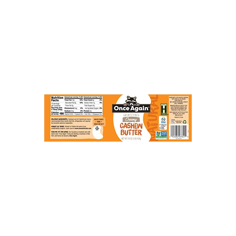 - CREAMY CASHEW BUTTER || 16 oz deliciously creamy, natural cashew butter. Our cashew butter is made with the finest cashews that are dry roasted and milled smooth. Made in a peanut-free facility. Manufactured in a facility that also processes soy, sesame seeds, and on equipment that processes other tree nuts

+--

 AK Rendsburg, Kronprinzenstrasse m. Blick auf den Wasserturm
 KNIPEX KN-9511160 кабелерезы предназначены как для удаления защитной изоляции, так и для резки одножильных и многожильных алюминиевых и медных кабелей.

+--

Problem description – Everything in the material above from the line that has "AK Rendsburg, Kronprinzenstrasse" through the line that has "KNIPEX KN-9511160 кабелерезы" must be duplicated exactly, with no other lines given.

Task output –
 AK Rendsburg, Kronprinzenstrasse m. Blick auf den Wasserturm
 KNIPEX KN-9511160 кабелерезы предназначены как для удаления защитной изоляции, так и для резки одножильных и многожильных алюминиевых и медных кабелей.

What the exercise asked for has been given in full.